Pour résumer, si tu te sens d'attaque, le moins cher (gratuit) et le mieux à l'arrivée, c'est d'apprendre à "coder" le HTML (le langage du Web) directement en mode texte.

Sinon tu trouvera quelques logiciels sympas en cherchant un peu (et au bon endroit  )dans ces forums.

à+


----------



## Niconemo (8 Décembre 2004)

jaipatoukompri a dit:
			
		

> Sinon j'ai rien compris à ton histoire, pourrais-tu être un peu plus explicite ?


Je pense qu'il fait référence à l'Index par défaut qui se trouve à la racine du dossier Sites. Cette page n'est en fait utile à modifier que si on transforme son Mac en serveur. mais pour commencer, forummac, il vaut bien mieux se trouver un hébergeur.


----------



## forummac (8 Décembre 2004)

j'ouvre FINDER, je clique sur SITES, ensuite un INDEX.HTML s'affiche. comment puis je intervenir sur cet index?   merci


----------



## McFlan (8 Décembre 2004)

forummac a dit:
			
		

> JE SUIS TOUT NOUVEAU CHEZ MAC, et j'aimerais creer une page web, alors j'ai réussit à aller sur FINDER, ensuite SITE, ensuite j'ai bien trouvé l'index, sur cet index on me dis que je peux le modifier mais je ne sais pas comment, et comment le publier par la suite. en gros qu'es ce qui remplace FRONTPAGE et comment puis faire merci.   un plus que débutant.



Salut,

Je connais aucun logiciel de débutant (je supporte pas les codes sales), mais je peux déjà répondre à quelques questions.

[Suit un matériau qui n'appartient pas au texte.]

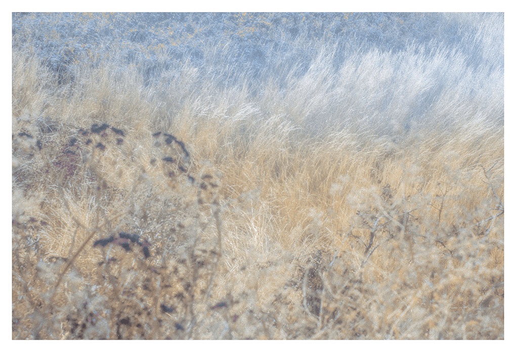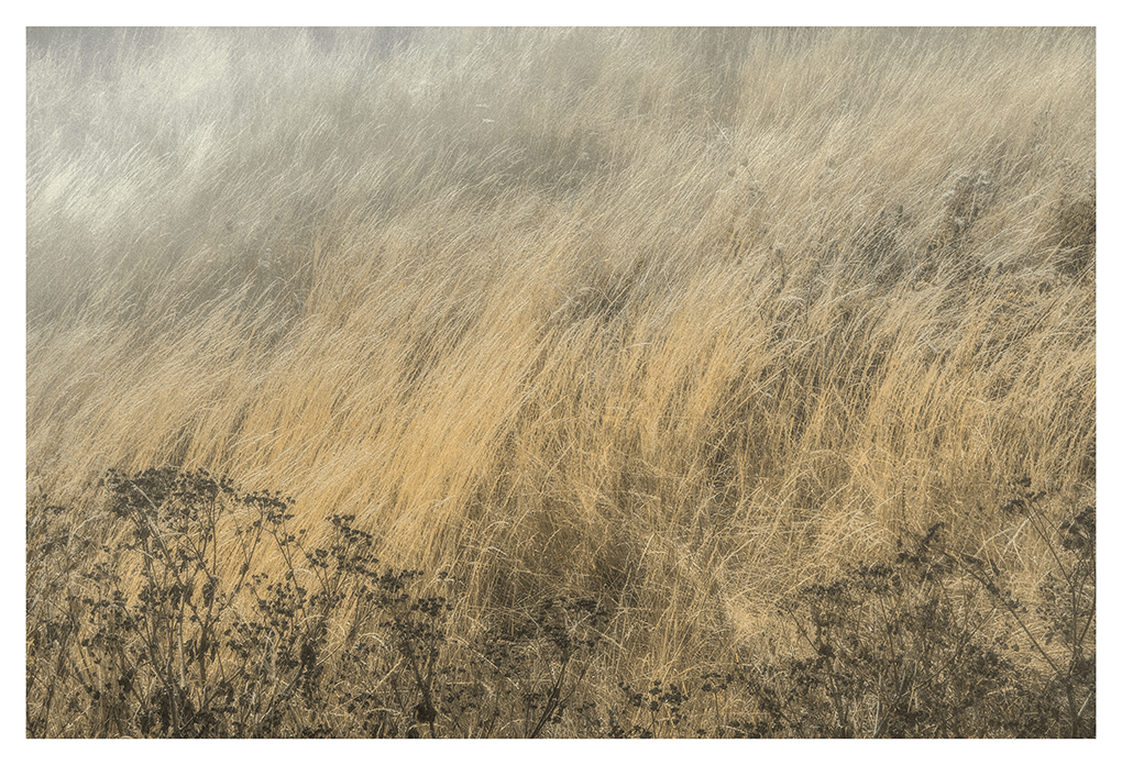 “I wasn’t familiar at all with Lamplough’s work (much obliged, Jordan), but find his paintings completely magical, and can hardly believe they’re paintings at all, in so much as all that soft golden light and gauze is produced from paint and brushes onto paper. In Lamplough’s landscapes, I find the impressionism and light-play I always want from my own photographs, and it was a happy coincidence that Jordan’s choice of prompt should arrive in the same week I was experimenting with physical gauzes to produce more diffuse lighting effects of my own. Suitably inspired, I returned to a local bit of unadopted scrub set just back from the sea front (last seen on here under very different circumstances) and indulged once more my love of grasses, in all their billowing contours. First putting my camera into an organza bag, I proceeded to photograph the scrub as the wind pushed it this way and that, and the sun illuminated every quill and strand of it. Meanwhile, the gauze served to flatten everything out and flood the subject with light, producing some Lamplough-like atmospheres from a largely over-looked landscape.”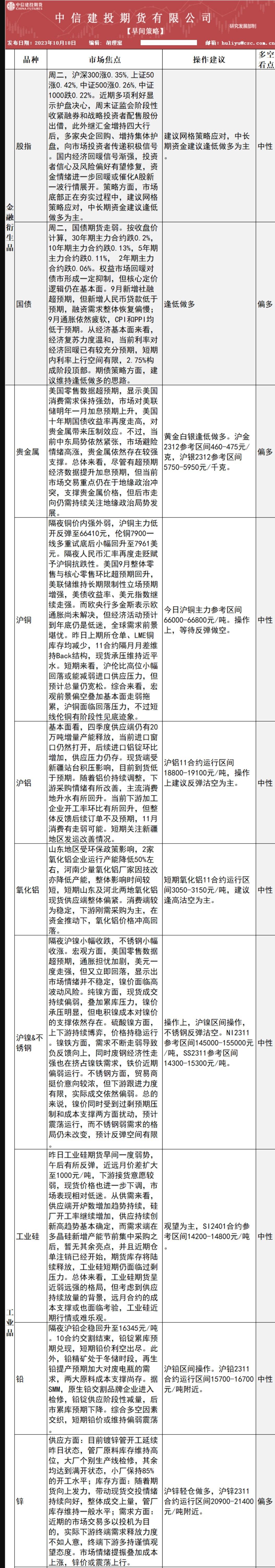 中信建投期货10月18日早间交易策略

Pour le moment, tu as deux solutions pour publier ton site web:
- l'héberger sur ton ordinateur personnel (dans le dossier site par défaut)
- l'héberger sur un serveur web

Autant être clair, les défauts sont nombreux à héberger un site sur ton ordinateur. Déjà tu es obliger d'ouvrir ton ordinateur sur le monde, ce qui présentent des risques supplémentaires de piratage. Ensuite, ton ordinateur doit resté allumé et connecté 24 heures sur 24 pour que ton site soit accessible à tout moment.

Bref ... dans cette première étape, il faut privilégier un serveur web.

Le problème qui en découle est de choisir le serveur qui va héberger ton site.
Il y a les serveurs gratuits (free.fr, webdynamit.net, ou celui proposé par ton hébergeur, etc.) et les serveurs payants (ovh.com, celonet.fr, apple.fr, etc.).
La différence ? Les serveurs payants n'ont pas de pub, sont plus rapides (donc plus accessibles), offre de meilleurs options (php, stats, gestion de nom de domaine, etc.) contrairement aux serveurs gratuits (sauf quelques exceptions).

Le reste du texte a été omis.